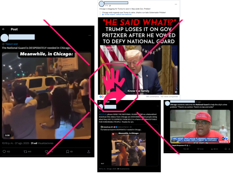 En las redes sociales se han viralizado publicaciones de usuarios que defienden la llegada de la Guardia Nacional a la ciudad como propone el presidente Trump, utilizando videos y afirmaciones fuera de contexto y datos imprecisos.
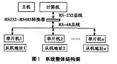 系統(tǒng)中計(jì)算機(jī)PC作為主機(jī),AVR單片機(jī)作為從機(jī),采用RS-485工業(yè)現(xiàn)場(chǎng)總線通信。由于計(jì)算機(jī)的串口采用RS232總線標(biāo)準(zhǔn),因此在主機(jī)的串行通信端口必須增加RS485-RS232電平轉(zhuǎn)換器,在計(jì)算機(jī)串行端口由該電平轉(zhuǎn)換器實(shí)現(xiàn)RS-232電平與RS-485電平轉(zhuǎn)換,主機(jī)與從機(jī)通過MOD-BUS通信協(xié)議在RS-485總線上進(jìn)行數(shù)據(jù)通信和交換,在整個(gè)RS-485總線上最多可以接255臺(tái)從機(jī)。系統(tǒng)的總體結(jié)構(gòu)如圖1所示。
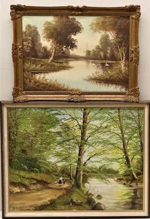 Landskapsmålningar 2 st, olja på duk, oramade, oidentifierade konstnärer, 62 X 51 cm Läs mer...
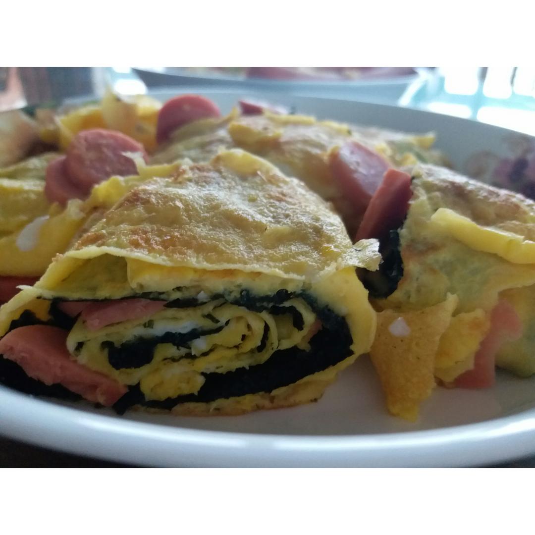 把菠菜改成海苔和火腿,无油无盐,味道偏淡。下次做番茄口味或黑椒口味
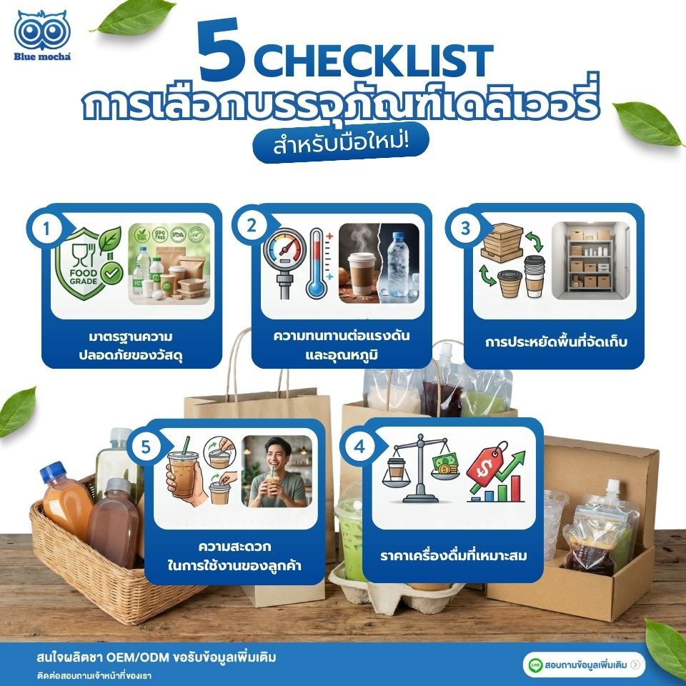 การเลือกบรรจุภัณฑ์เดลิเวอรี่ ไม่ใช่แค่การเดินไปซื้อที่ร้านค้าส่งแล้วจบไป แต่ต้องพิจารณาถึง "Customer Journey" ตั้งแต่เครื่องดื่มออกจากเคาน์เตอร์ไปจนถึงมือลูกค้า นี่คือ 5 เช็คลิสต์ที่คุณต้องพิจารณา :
...
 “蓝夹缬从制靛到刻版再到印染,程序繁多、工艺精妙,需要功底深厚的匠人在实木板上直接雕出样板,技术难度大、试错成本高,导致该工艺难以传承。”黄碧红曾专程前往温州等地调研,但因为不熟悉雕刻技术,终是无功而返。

● Work item:
In the listing above, find the line with "En las redes" and the line with "ตั้งแต่เครื่องดื่มออกจากเคาน์เตอร์ไปจนถึงมือลูกค้า นี่คือ 5". Copy both of them and every line between, exactly, but not the pictures.

● Reply to the task:
 En las redes sociales se han viralizado publicaciones de usuarios que defienden la llegada de la Guardia Nacional a la ciudad como propone el presidente Trump, utilizando videos y afirmaciones fuera de contexto y datos imprecisos.
 系統(tǒng)中計(jì)算機(jī)PC作為主機(jī),AVR單片機(jī)作為從機(jī),采用RS-485工業(yè)現(xiàn)場(chǎng)總線通信。由于計(jì)算機(jī)的串口采用RS232總線標(biāo)準(zhǔn),因此在主機(jī)的串行通信端口必須增加RS485-RS232電平轉(zhuǎn)換器,在計(jì)算機(jī)串行端口由該電平轉(zhuǎn)換器實(shí)現(xiàn)RS-232電平與RS-485電平轉(zhuǎn)換,主機(jī)與從機(jī)通過MOD-BUS通信協(xié)議在RS-485總線上進(jìn)行數(shù)據(jù)通信和交換,在整個(gè)RS-485總線上最多可以接255臺(tái)從機(jī)。系統(tǒng)的總體結(jié)構(gòu)如圖1所示。
 Landskapsmålningar 2 st, olja på duk, oramade, oidentifierade konstnärer, 62 X 51 cm Läs mer...
 把菠菜改成海苔和火腿,无油无盐,味道偏淡。下次做番茄口味或黑椒口味
 การเลือกบรรจุภัณฑ์เดลิเวอรี่ ไม่ใช่แค่การเดินไปซื้อที่ร้านค้าส่งแล้วจบไป แต่ต้องพิจารณาถึง "Customer Journey" ตั้งแต่เครื่องดื่มออกจากเคาน์เตอร์ไปจนถึงมือลูกค้า นี่คือ 5 เช็คลิสต์ที่คุณต้องพิจารณา :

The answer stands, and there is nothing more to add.